Our goal was to find out the relation between mammographic densities and cancer of the breast according to the recent ACR classification. From the medical records of Kasereliny Hospital, 49,409 women were subjected to digital mammography for screening, of which 1500 breast cancer cases were collected. The mammographic categories of breast density were ACR-A, B, C, and D, which were detected by two senior radiologists. All radiological classifications were made using both standard mammographic views bilaterally. Two-sided tests of statistical significance were represented by all the P values.


From 2014 to 2019, 49,409 women came for digital mammographic screening, their age ranges between 40 and 65, and all of them are included in the study. One thousand cases of breast cancer cases were radiologically and pathologically diagnosed. Different densities were arranged in descending pattern depending on the frequency of positive cases: D (13.7%), C (3.3%), B (2.7%), A (2.2%). There is positive significant risk ratio among every higher mammographic density in comparison to the lower density.


Our study results show that the risk of breast cancer is in close relation to the mammographic breast density.


Screening in breast cancer is of great value in detecting asymptomatic cancer resulting in less invasive treatments and better outcome too as it will be discovered in its early stage before tumor progresses. Rules for the category of women which should be screened, how often, and by which imaging modality should be well-known [1].
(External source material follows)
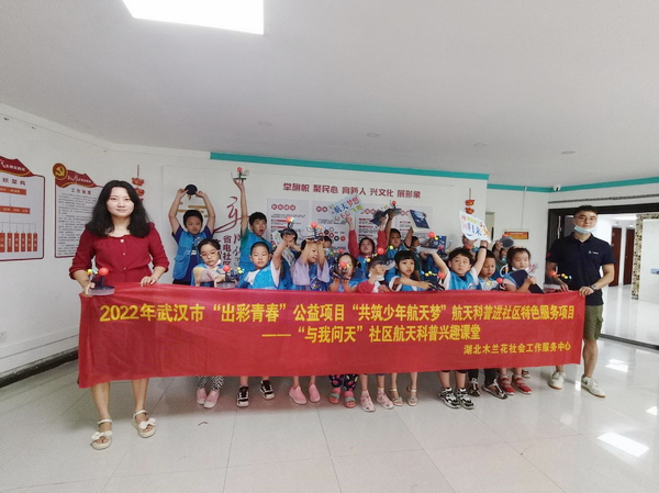 航天科普工作是社會(huì)系統(tǒng)工作,是社會(huì)公益性事業(yè)。它能提高國民科技素質(zhì),增強(qiáng)公眾對(duì)我國航天事業(yè)進(jìn)程的了解及支持,激發(fā)自信、愛國等信念,以大幅提高全民的整體素質(zhì),帶動(dòng)精神生活水準(zhǔn),共青團(tuán)中央在青少年航天科普工作中起著主導(dǎo)作用。近期,2022年武漢市“出彩青春”公益項(xiàng)目中由湖北木蘭花社會(huì)工作服務(wù)中心開展的“共筑少年航天夢”航天科普進(jìn)社區(qū)特色服務(wù)項(xiàng)目已在6個(gè)社區(qū)進(jìn)行了17場線下活動(dòng),建立了3個(gè)航天興趣社群。

Mammography is still the best recommended imaging tool for screening of breast cancer in all women which in turn depends on a common decision between the female and her clinician depending on the risk factors and competing co-morbidities [1].

Breast cancer risk is in close relation with increasing mammographic breast density. Breast in the mammogram appears as a reflection of both the amount of fat and epithelial and connective tissues together. On mammogram, fat is represented by radiolucent areas, and the non-radiolucent areas related to the glandular and fibrous tissues. Women who have increased breast cancer risk by 4–6-fold with breast density are of 75% breast density [1].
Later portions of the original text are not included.